Батя так и умер, не дождавшись, когда я стану официально признанным писателем. Я привез в Быхов показать членский билет. Вот она, заветная книжица, розово-красная, как напившаяся моей крови!.. До чего качественная бумага, посмотрите, Нина Григорьевна? Оцените-ка каллиграфию, разве мыслимо так вывести самописью? Псевдоним и фамилия вашей дочери... Как была счастлива Наталья, когда я ее фамилию взял!.. А золотое тиснение на переплете: "Союз писателей СССР"? Все ж, хоть половину оттуда давно пора гнать взашей, но даже с ними, - сколько их там во всем Советском Союзе?

Нина Григорьевна, посмотрев, не сказала ничего. Когда же я уезжал, вспахав огород, она мне сунула в писательский билет грязную засаленную троячку! Без умысла, конечно: чтоб я не выбросил из кармана с платком. Просто из-за сохранности... Когда любви нет, то и ума нет! Впечатлительная Аня, погостив у бабушки, с минуту разглядывала меня, приехав: папа это или Бармалей? - и решив, что папа, бросалась на шею. Минуты хватало Ане для выяснения, а Наталье? Всю жизнь она простояла меж двух огней. Не хочу я ни на кого валить, не хочу разбираться, как это случилось и кто виноват, что я, ее любя, перестал ее желать! Жил в Минске, как в морском плавании: год, два года, а у меня - ни одной женщины. Не мог с ней жить и не мог ей изменить.

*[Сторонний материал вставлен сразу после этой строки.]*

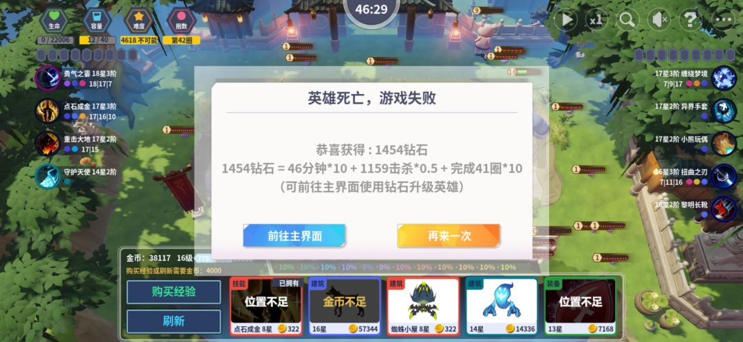 游戏前期有难度 后期刷出装备和技能二阶就很简单了 前期技能只带四个 点金 践踏 勇气 守护 其中点金三阶和践踏二阶必备 其他随意 装备方面除了加回复的其他都带 然后缠绕和武器三阶 建筑方面只要记住一点 两个怪的都不要 什么蜗牛 幽灵 狗通通不要 其他随便升 那个星高就给他凑三阶多刷钱 玩上十次八次就会很熟练了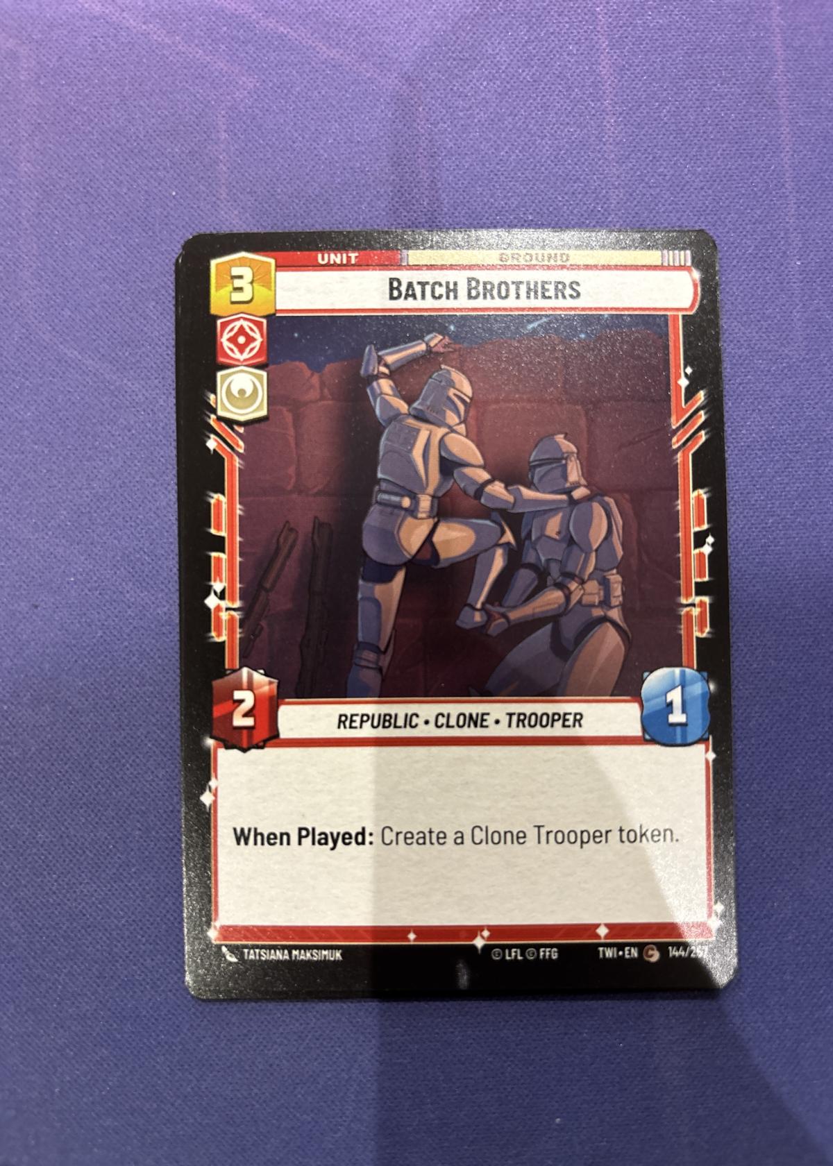 This is a Batch Brothers unit card from the Star Wars Unlimited Trading Card Game, featuring Republic Clone Troopers. The card has a cost of 3 and, when played, creates a Clone Trooper token. The card artwork is by Tatsiana Maksimuk. Great for collectors and players expanding their Star Wars Unlimited decks.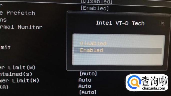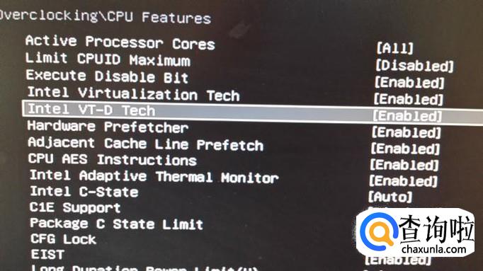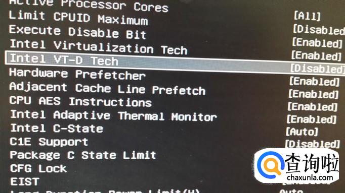 可以看到有一个“Intel VT-D tech”选项,这就是intelCPU虚拟化技术,默认是关闭的。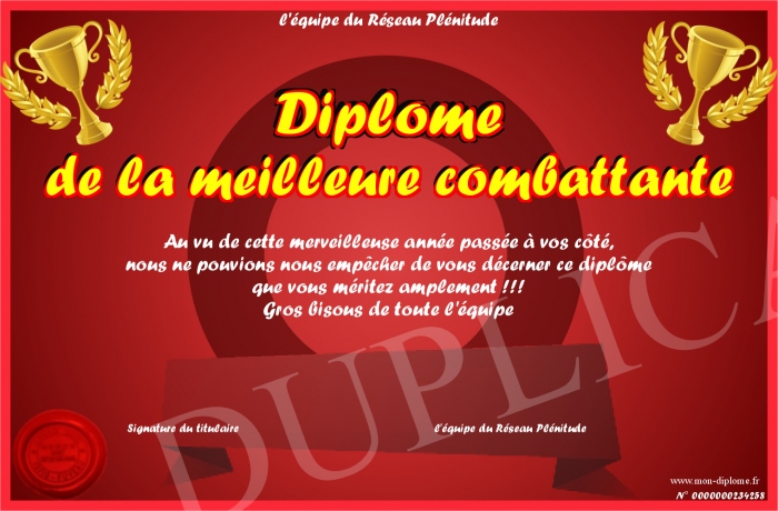 Envoyez par email votre Diplôme de la meilleure combattante personalisé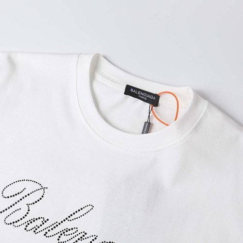 Balenciaga26SS 春夏ラインストーン半袖Tシャツ

Или все же можно разобраться?

Возник простой страх: а вдруг и меня не обойдет то, чего я так боюсь. Нечто такое, что везде и повсюду. Люди лежат, разговаривают и, поговорив, отворачиваются, спят.

Неужели и мне уготовлено такое наказание?

Вот и произошел побег, недалекий пока, - из спальни в свою комнату, на диван.

То была уже не комната, скорее каюта, и с какой то иллюзией плавания, в котором нервная система засыпает.

Понимает она такую опасность или не понимает? Сделает шаг ко мне? Или надо мне - к ней? А может, она тоже в своей каюте и куда-то плывет?

Но какое это к черту плавание, если без парохода? И какая это к черту каюта, если это комната и диван?

А если уже никаких плаваний нет, то нужно хотя бы двигаться куда-то. Или я уже не могу подняться с этого дивана и уехать?

Вот с этого дивана я поднялся в очередной раз и куда-то еду.

18. Безобразная любовь

Я еду во Владивосток, но это еще не плавание. Пока определится судно и рейс, подберется команда, - время набежит. Да и непросто отойти от того, с чем свыкся в семье, от жизни, которую не заметил, расправившись с нею во сне. Отправиться ловить сайру в Курильских проливах, слепнуть ночами от световых люстр или уйти в Охотское на "селедочнике", стоять матросом на заливающейся палубе в клеенчатой робе и сапогах. А после, "заработав" севером юг, пересекать экватор на старом, добитом ремонтами пароходе, - без кондиционера, без простейшей вентиляции, задыхаться в нижней матросской каюте под слоем воды, где не откроешь и иллюминатора, как наверху.

Легко ли настроить себя на одни утраты, на бесконечные, тянущиеся месяцы, сводящие с ума? Жить - как наказывать себя за то, что раньше любил?

Все ж приобрел хоть какое-то место, где мог забыться между рейсами! Есть у меня, во-первых, город Владивосток, который я не перестал любить. А в нем есть душа, которая меня ждет... Как можно ждать человека, разъезжающего туда и сюда? Ждать годами, не зная, вернется он или не вернется? Без писем и телеграмм - уехал, как пропал. Или это такая душа, что себя не осознает, как не осознает свой полет морская чайка?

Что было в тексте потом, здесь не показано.